In an optional mode, the disclosed FPGA-based method for accelerating graph construction may comprise:

    • Step 1: sampling neighborhoods of all vertices, and recording the traversal order of the vertices during sampling, wherein among all vertices only some neighbor vertices are allowed to participate in subsequent computing;
    • Step 2: according to the vertex traversal orders obtained in Step 1, grouping all vertices into blocks of a fixed size and processing them by granularity of blocks, wherein the IDs of the sampled neighbors of all vertices in a block and the feature vectors of these sampled neighbors are loaded at one time, and computing the distance between the sampled neighbors of each of the vertices by means of computing the loaded data.
    • Step 3: according to the distance between two vertices obtained in Step 2, updating the neighborhoods of the two vertices; and
    • Step 4: processing all of the blocks, starting a new iteration from Step 1, until a graph constructed therefore has a satisfying precision or a predetermined limit of the number of iterations has been reached.
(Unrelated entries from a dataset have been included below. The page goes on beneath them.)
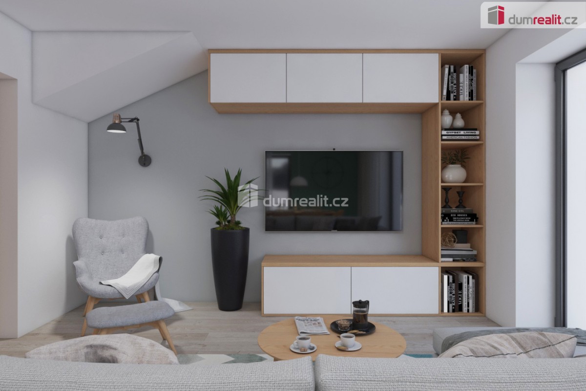 Plánovaná stavba: Novostavba zahrnující tři samostatné mezonetové apartmány, každý s přímým přístupem na terasu a k pozemku.
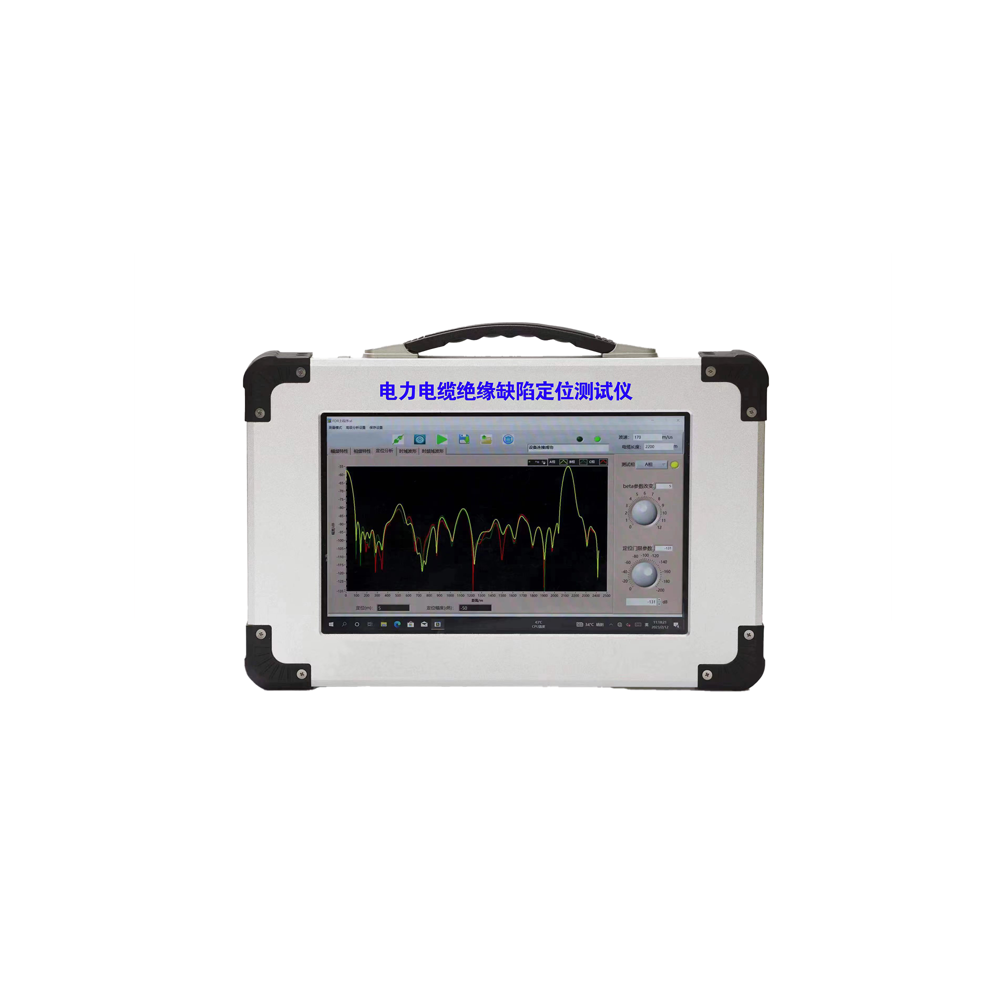 技術特點以及優勢:本公司研發的電纜絕緣缺陷定位測試儀是一款自帶可充電電池的便攜式儀器,可實現對電力電纜絕緣缺陷的微弱信號進行無損測試,準確定位缺陷點位置,解決了傳統時域反射法(time domain reflection,TDR)對電纜微弱局部缺陷進行定位時存在的不足。該儀器對電纜局部缺陷及中間接頭具有較高的識別靈敏度和定位精度。該儀器采用頻域測量原理,通過在電纜一端注入 指定頻率的低壓正弦線性掃頻信號,然后分析在阻抗不連續處發生的反射波,計算電纜阻抗不連續點的位置,從而確定電纜缺陷點。該技術打破了國外技術壟斷,實現了核心技術國產化,大幅 降低了電力電纜絕緣缺陷定位測試成本。
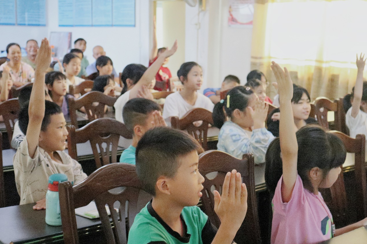 设计了以“艾”组词的问答互动环节,采用寓教于乐的形式,顺势引出了青少年预防艾滋病的知识普及。借由问答互动,现场氛围热烈非凡,充分激发了孩子们对学习健康知识的兴趣和热情。团队成员运用通俗易懂的表述,指明艾滋病病毒不会通过共用物品、一般生活接触、咳嗽打喷嚏以及蚊虫叮咬等方式传播,然而仍需时刻保持警惕,只要树立起正确的防护意识,养成优良的生活习惯,便能切实有效地预防艾滋病的传播。

Particularly, the disclosed method for accelerating graph construction may be used to construct indexes for image retrieval systems. Specifically, such an image retrieval system supports image search, meaning that it can search for identical or similar images in a designated image library, thereby suitable for precise image search, similar material search, photo-based product search, similar product recommendation or so on. Before search can be conducted, a graph index has to be constructed for all image data for minimizing search time. Therein, every image may be regarded as a vertex in a graph, and every image borders its k most similar images with edges. Therefore, a vertex neighborhood herein refers to k images most similar to the image of interest. This method can be used to speed up the index construction.


Embodiment 2

The present embodiment provides an FPGA-based system for accelerating graph construction, which may be used to implement or execute an FPGA-based method for accelerating graph construction as described in Embodiment 1.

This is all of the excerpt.